**Task to complete**
Pictures aside, reproduce exactly and only the lines below, starting at the one containing "Đoàn kiểm tra" and ending at the last line.

[[ Records shown, beginning ]]

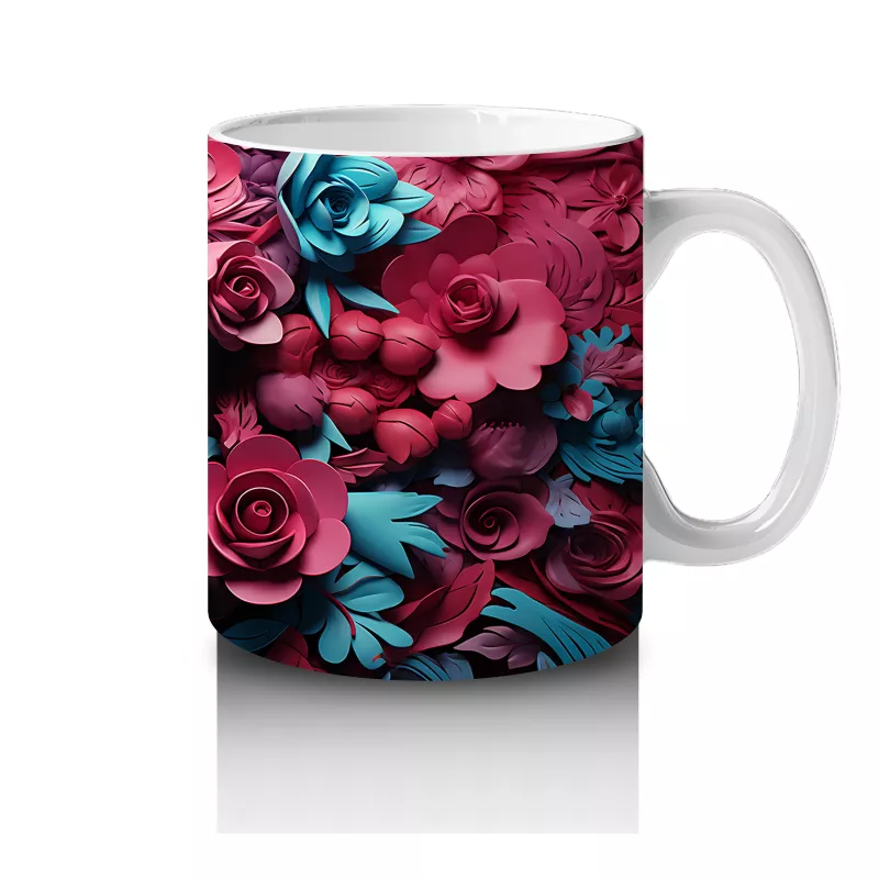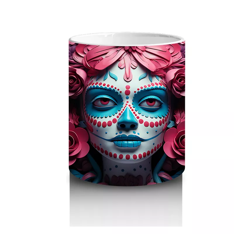 Renkli çiçeklerin arasında yer alan solgun, buz efektli yüz figürü bu Cadılar Bayramı temalı baskılı kupaya büyüleyici bir hava katıyor. Şık bir hediyelik kahve kupası olarak öne çıkar.
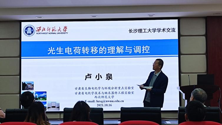 2021年10月16日上午9:00,应XK星空化学化工学院的邀请,教育部长江学者特聘教授、西北师范大学博士生导师卢小泉教授来我校开展学术交流,于云塘校区工三A320做了题为“光生电荷转移的理解与调控”的专题学术报告。讲座由化学化工学院电力与交通材料保护湖南省重点实验室主任曹忠教授主持,化学化工等专业百余名师生参加了交流会。
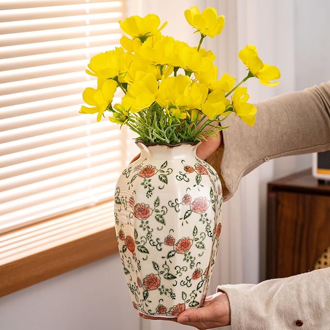 - ELEGANT PASTORAL DESIGN: The SURE YUESI hand-painted red rose pastoral vase features a stunning green and beige crackle glaze finish, blending rustic charm with vintage elegance. Its unique octagonal shape and floral motif make it a perfect centerpiece for farmhouse, Tuscan, or grand millennial home decor styles.
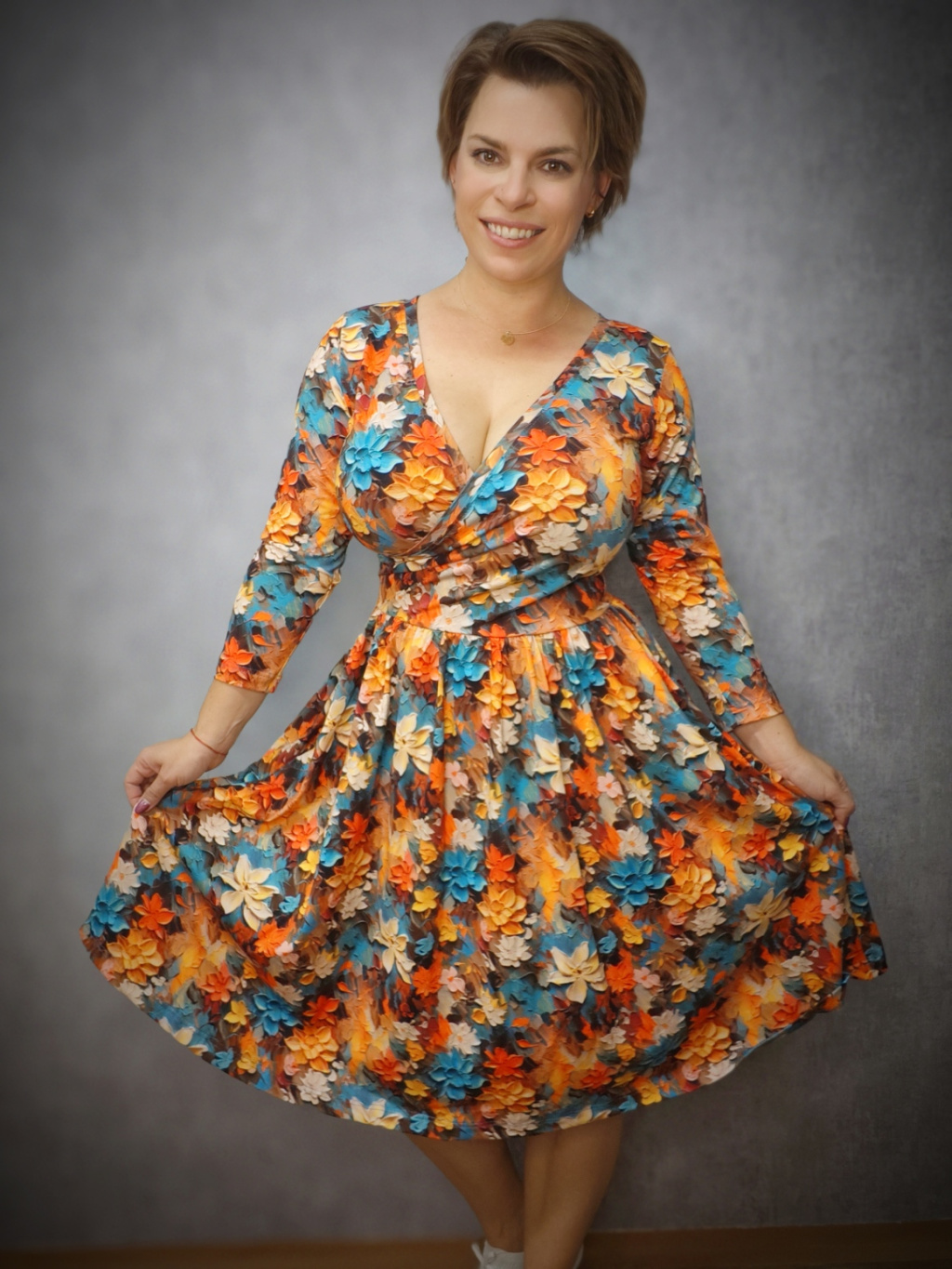 Střih šatů vychází z oblíbených BeChic+. Širší řasená sukně zamaskuje menší bříško a ve spojení s úzkým živůtkem krásně zvýrazní ženskou siluetu. Šaty mají 3/4 rukáv, vpředu výstřih v zavinovacím vzhledu, díky kterému můžete i pohodlně nakojit své mrně. Praktické kapsy, které jsou důmyslně skryté v bočním švu, avšak nijak nerozšiřují. Šaty mají bohatší sukni jako BeChic+, která vytváří krásný kontrast s úzkým pasem.
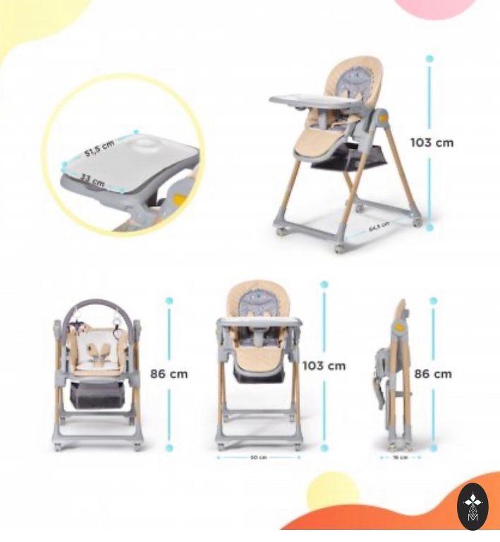 Ēdināšanas krēsls .Komplektā divas kreslas ,tāpēc var var mainīt. Multifunkcionāls krēsls, ,kas paredzēts bērniem no jaundzimuša vecuma līdz 3 gadiem. Polsterēts un komfortabls krēsls. Atzveltne atliecama trīs pozīcijās. Regulējamās muguras leņķa pozīcija .0-9 mēneši "atpūtas krēsliņa" pozīcijā.
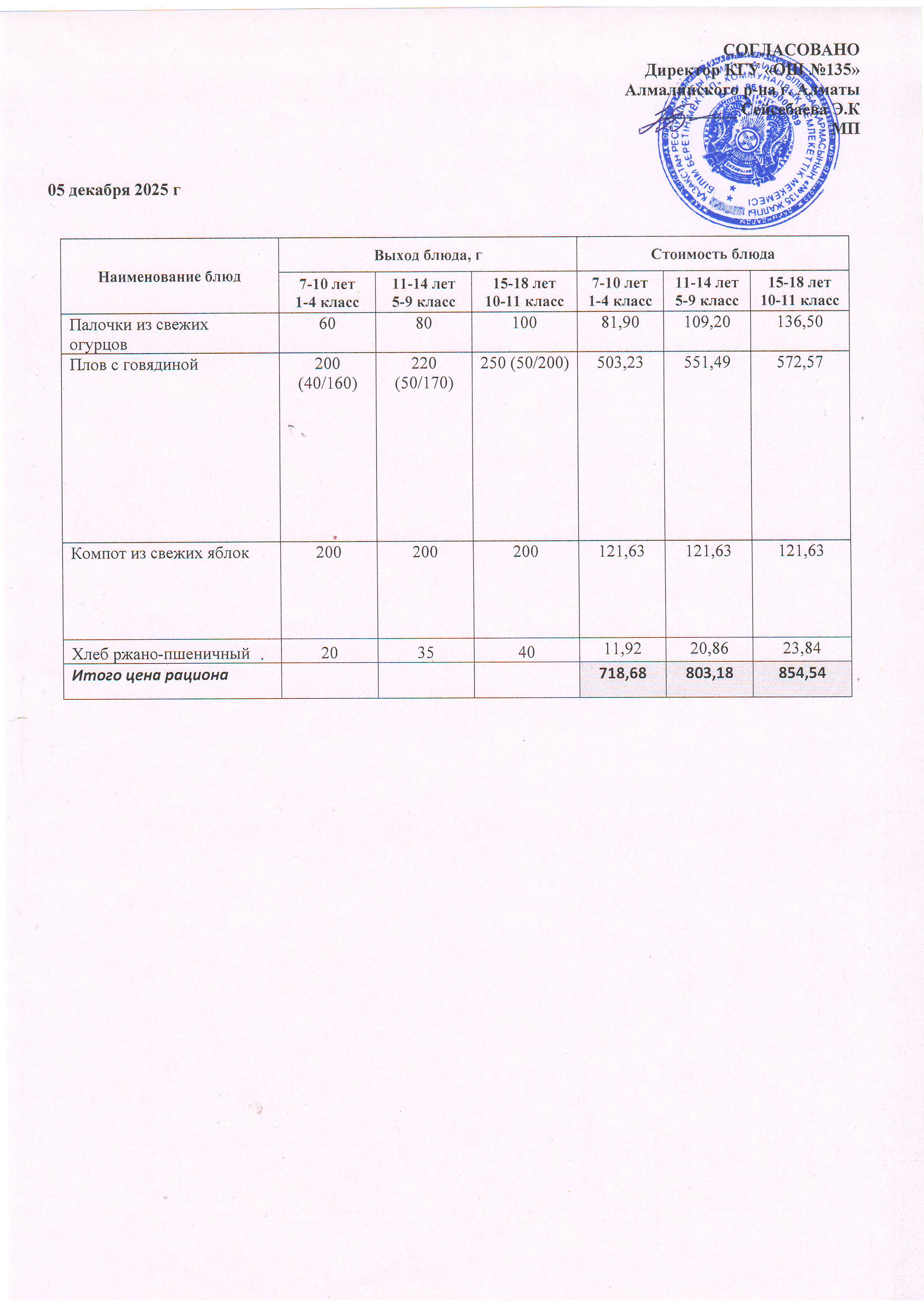 Ас мәзірі 05.12.2025
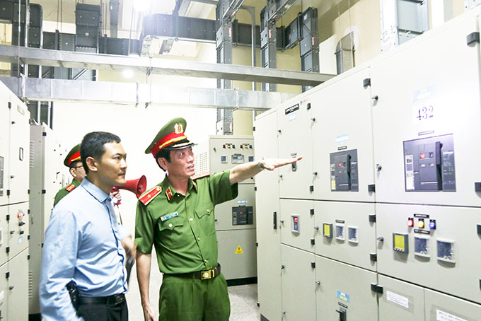 Đoàn kiểm tra liên ngành Bộ Công an kiểm tra hệ thống phòng cháy, chữa cháy tại một tổ hợp khách sạn 4 sao, trung tâm thương mại ở Nha Trang. |
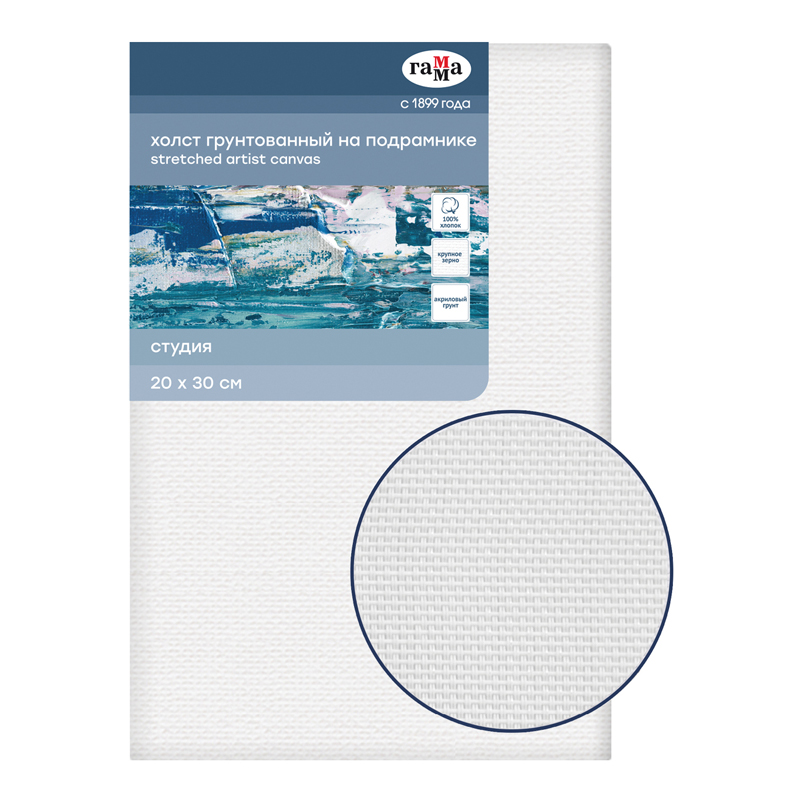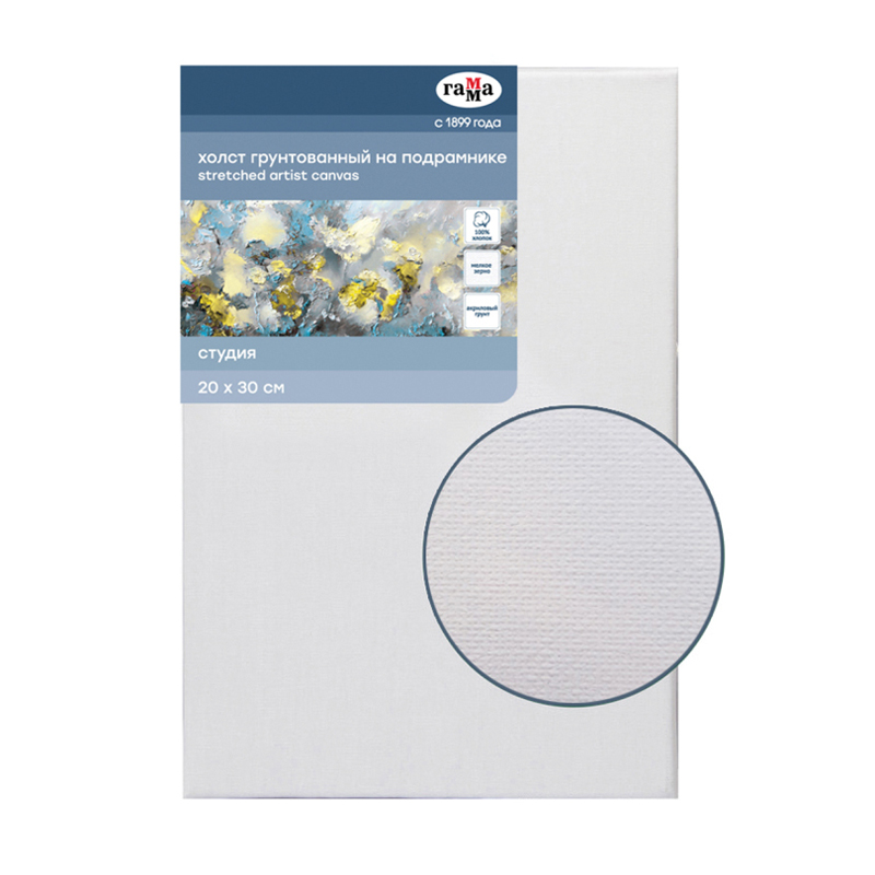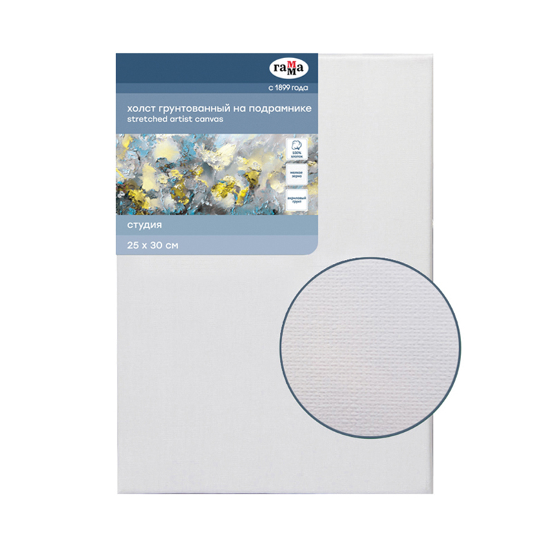 Холст на подрамнике Гамма Студия , 25*30см, 100% хлопок, 280г/м2, мелкое зерно (280818_14)описаниеХлопковый холст на подрамнике ГАММА серии «Студия», грунтованный, подойдёт для живописи масляными, акриловыми, темперными и гуашевыми красками. Основа – натуральное полотно, 100% хлопок, мелкое зерно. Холст прямоугольной формы плотностью 280 г/м2, размер – 25*30 см. Холст покрыт акриловым грунтом, а подрамник выполнен из сосны. Изготовлен без использования кислот.

[[ Records shown, end ]]

**Written answer**
 Đoàn kiểm tra liên ngành Bộ Công an kiểm tra hệ thống phòng cháy, chữa cháy tại một tổ hợp khách sạn 4 sao, trung tâm thương mại ở Nha Trang. |
 Холст на подрамнике Гамма Студия , 25*30см, 100% хлопок, 280г/м2, мелкое зерно (280818_14)описаниеХлопковый холст на подрамнике ГАММА серии «Студия», грунтованный, подойдёт для живописи масляными, акриловыми, темперными и гуашевыми красками. Основа – натуральное полотно, 100% хлопок, мелкое зерно. Холст прямоугольной формы плотностью 280 г/м2, размер – 25*30 см. Холст покрыт акриловым грунтом, а подрамник выполнен из сосны. Изготовлен без использования кислот.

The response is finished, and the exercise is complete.